*Data extract*
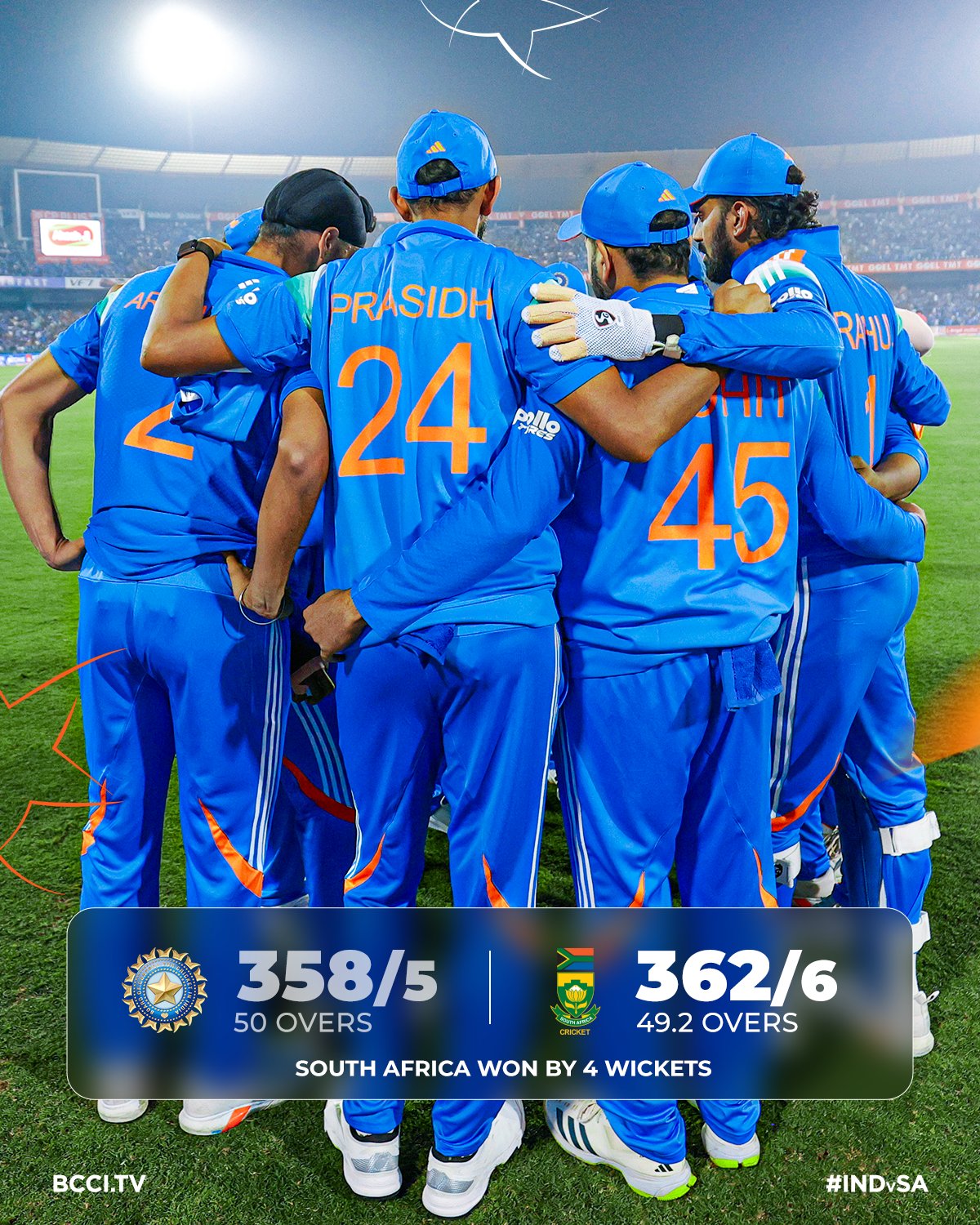 दक्षिण अफ्रीकी बल्लेबाजों ने बेहतरीन खेल का प्रदर्शन करते हुए इस बड़े लक्ष्य का पीछा किया और पहली बार भारत के खिलाफ 359 रन बनाकर जीत हासिल की।
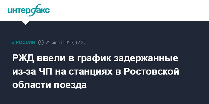 Москва. 22 июля. INTERFAX.RU - Пассажирские поезда, задержанные 20-21 июля из-за падения обломков беспилотников на станциях Лихая и Каменоломни в Ростовской области, введены в график, сообщает телеграм-канал РЖД.
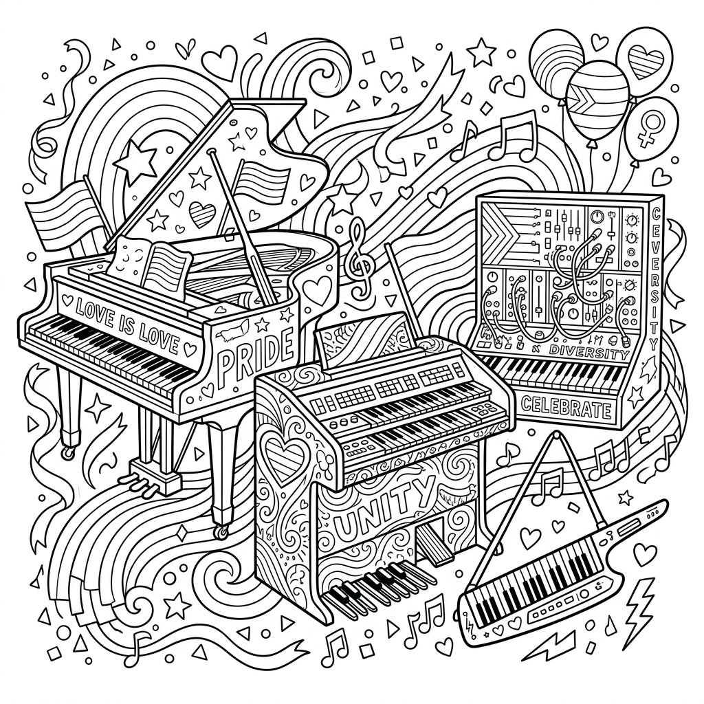Immerse yourself in a symphony of colors with this unique keyboard instruments coloring page, celebrating the spirit of Pride. Discover intricately designed pianos, organs, and synthesizers, all infused with messages of love, unity, and diversity.
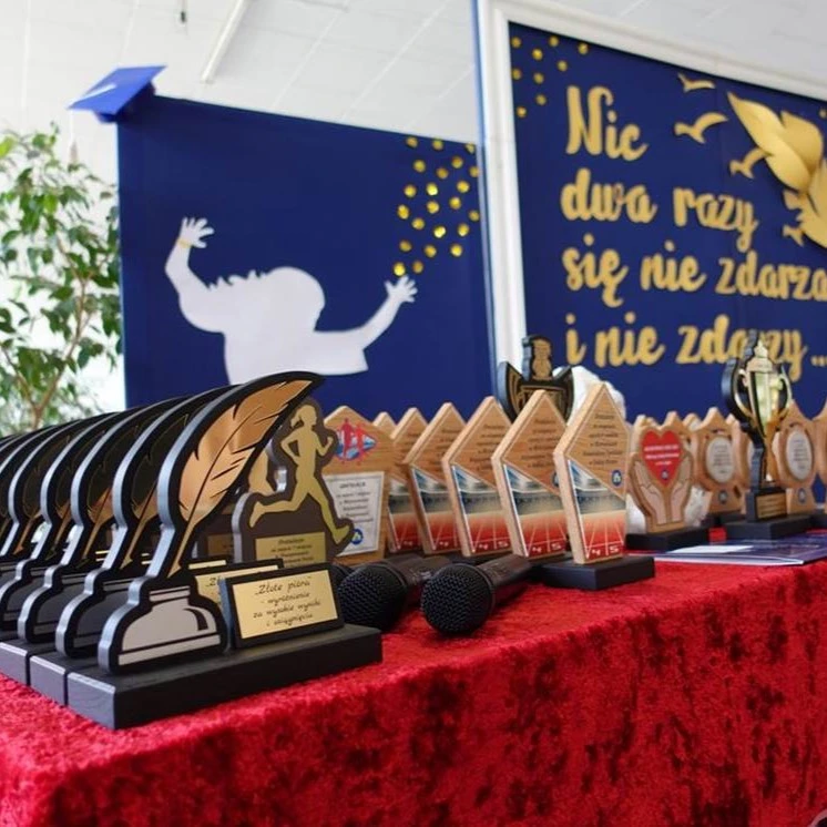 Zestaw statuetek wykonany dla jednej ze szkół na zakończenie roku szkolnego. Statuetki zostały dostosowane do kategorii, w której uczniowie otrzymywali nagrody.

*Work to complete*
The data is to be returned exactly as it stands, pictures aside.

*Written solution*
 दक्षिण अफ्रीकी बल्लेबाजों ने बेहतरीन खेल का प्रदर्शन करते हुए इस बड़े लक्ष्य का पीछा किया और पहली बार भारत के खिलाफ 359 रन बनाकर जीत हासिल की।
 Москва. 22 июля. INTERFAX.RU - Пассажирские поезда, задержанные 20-21 июля из-за падения обломков беспилотников на станциях Лихая и Каменоломни в Ростовской области, введены в график, сообщает телеграм-канал РЖД.
Immerse yourself in a symphony of colors with this unique keyboard instruments coloring page, celebrating the spirit of Pride. Discover intricately designed pianos, organs, and synthesizers, all infused with messages of love, unity, and diversity.
 Zestaw statuetek wykonany dla jednej ze szkół na zakończenie roku szkolnego. Statuetki zostały dostosowane do kategorii, w której uczniowie otrzymywali nagrody.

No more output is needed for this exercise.